Никогда еще не ждал он так урожая, никогда так нетерпеливо не вглядывался, не вслушивался в природу. Конечно, и раньше ему было знакомо нетерпение земледельца, ожидающего плоды своего труда. Но теперь, теперь было совсем другое. В этом маленьком цветущем колоске, известном еще людям бронзового века и не подвластном ни войнам, ни революциям, воплотились сейчас судьбы и войны и революции.
Александр Дмитриевич выпустил колос, подтолкнул его ладонью, словно напутствуя, помог распрямиться и задумчиво двинулся дальше по тропе вдоль межи.

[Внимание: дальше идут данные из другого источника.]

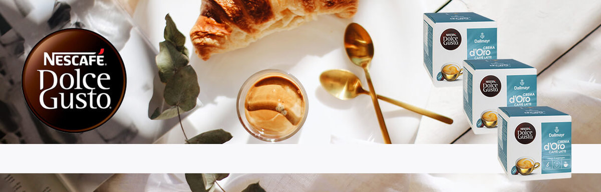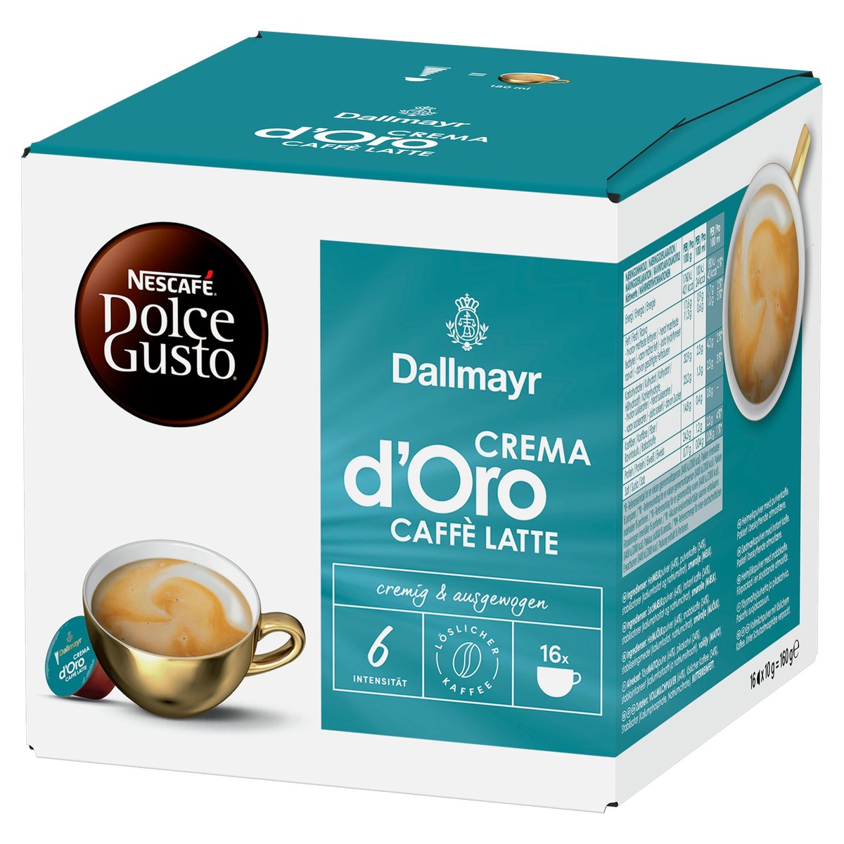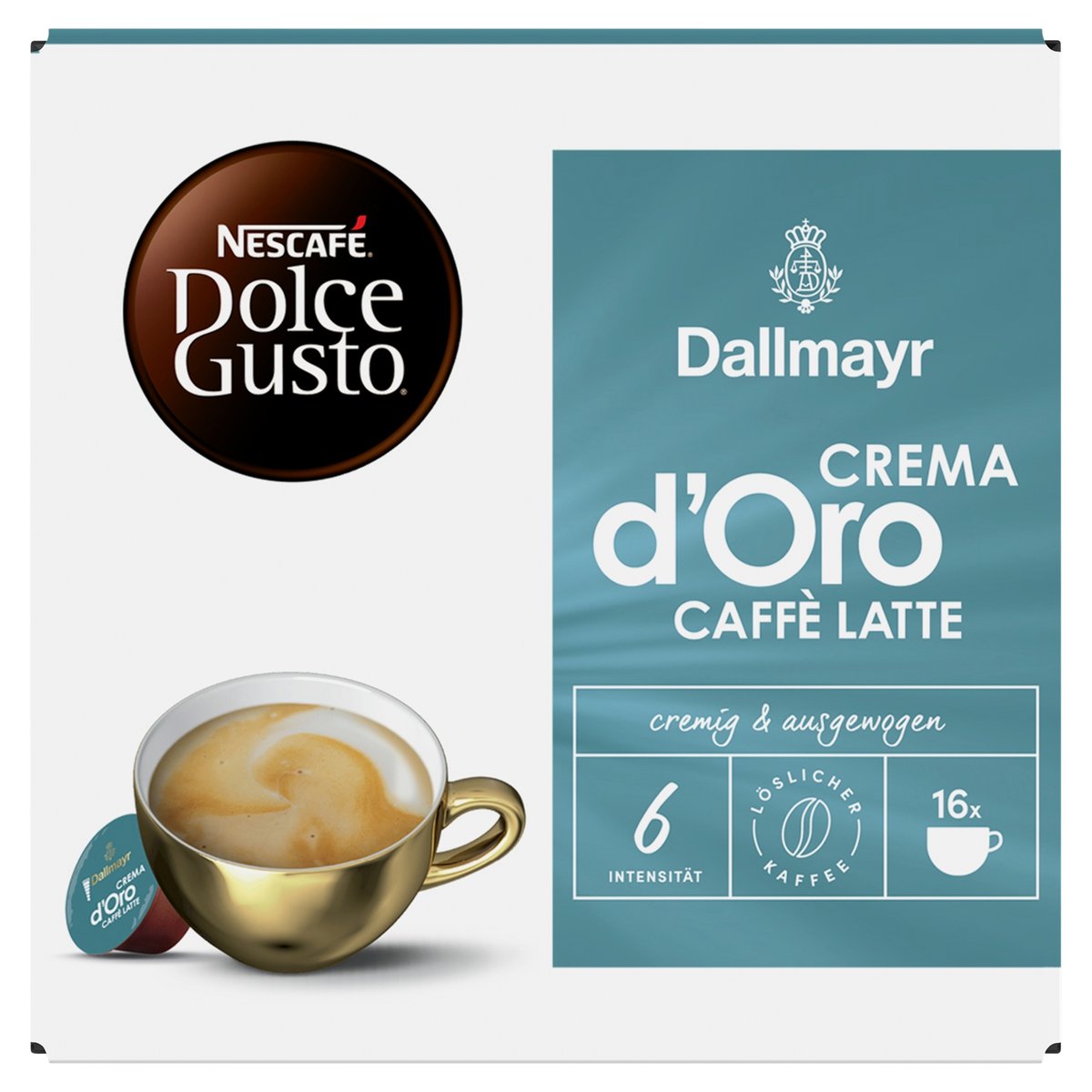 ✅ Kapsułki NESCAFÉ® Dolce Gusto Dallmayr Crema d’Oro Caffè Latte to idealne połączenie doskonałej kawy Dallmayr z łykiem mleka, które zamienia się w cudowną mleczną piankę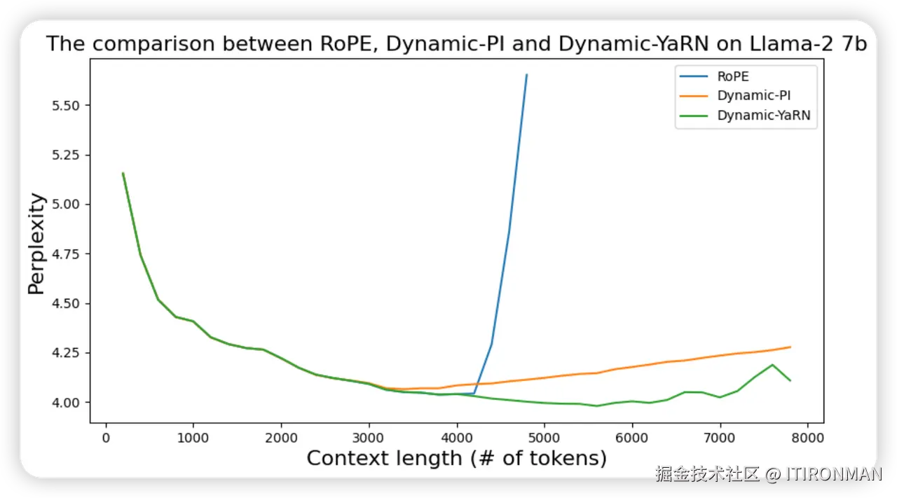 采用“长度缩放”技巧,通过简单地按相同量缩放复数 RoPE 嵌入,将 和 都按常数因子 缩放。这样,YaRN 就可以在不修改代码的情况下有效地改变注意力机制,改变注意力的目标是降低模型的困惑度,即模型理解能力。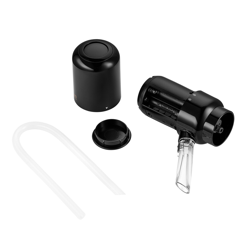 Электрический аэратор, силиконовый шланг, крышка отсека для хранения батареек, нижняя крышка аэратора для хранения.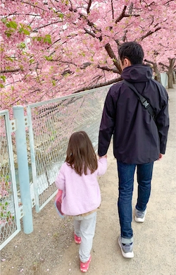 育休中、満開の桜の下を一人目の子どもと春散歩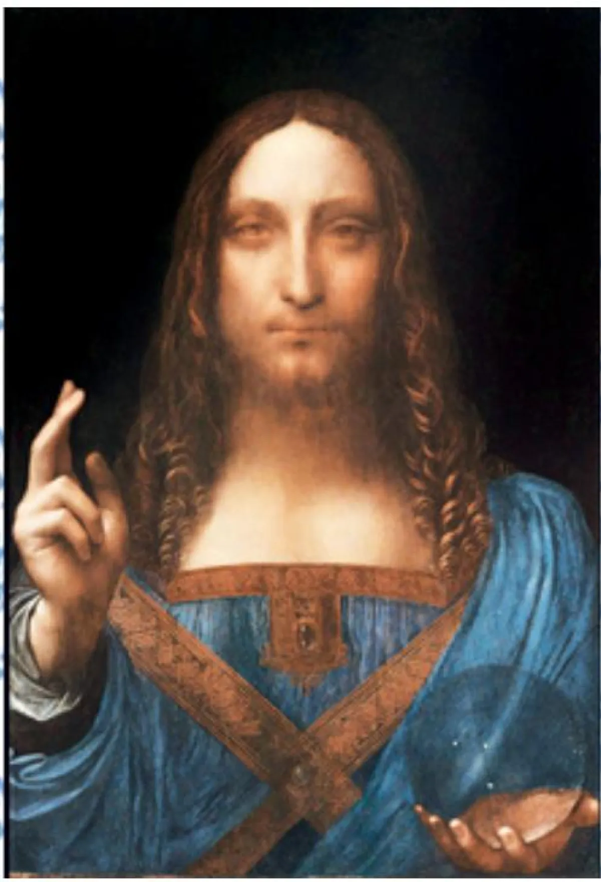 اللوحة التي يفترض أنها تمثل المسيح عليه السلام، تظهره في وضعية «سالفادور مندي» وهي الوضعية التي تظهره وهو رافع يده اليمنى وفي يده اليسرى كرة زجاجية يعلوها صليب.

И сразу же мысли вернулись к семье.
Маша! Маша! Как я люблю тебя!.. Помнишь, как мы увидели друг друга в первый раз на собрании кружка ссыльных, в Уфе? Ты сказала мне: «Здравствуйте, товарищ!» И я назвал тебя так же — «товарищ». Будто бы ничего особенного, а вот, поди ж ты, помнится, словно вчера было... А потом в вашем старом доме, где так любили музыку и любили танцевать — ты, и твои милые сестры, и я вместе с вами... Помнишь, как мы читали тургеневские «Вешние воды» и клялись, что никогда в жизни не расстанемся? И мы ведь сдержали слово. А теперь... теперь... Нет! Не могу, не хочу об этом думать!.. И ведь ты могла бы выйти замуж за человека из своей среды — сидела бы в родовом имении, занималась бы хозяйством, заботилась, чтобы побольше варенья, солений, грибов на зиму запасли... А ты выбрала меня и со мной — тюрьмы, неустроенность: с малолетним сыном на руках, ожидая второго, — за мной в ссылку! В тартарары! И ни словом, ни взглядом никогда не упрекнула! Не пожаловалась. Ни упрека, ни вздоха за всю жизнь!
Он с трудом оборвал ход своих мыслей и взглянул на поле слева: «Эх, разве так пашут?! Горе-земледельцы! Ведь не лебеду же вы, в самом деле, сеять собирались... Вот справа пропахано! И посеяно — так что хлеб даже васильки душит. Степана Афанасьевича какого-нибудь надел. А то комбед пахал, наверняка!»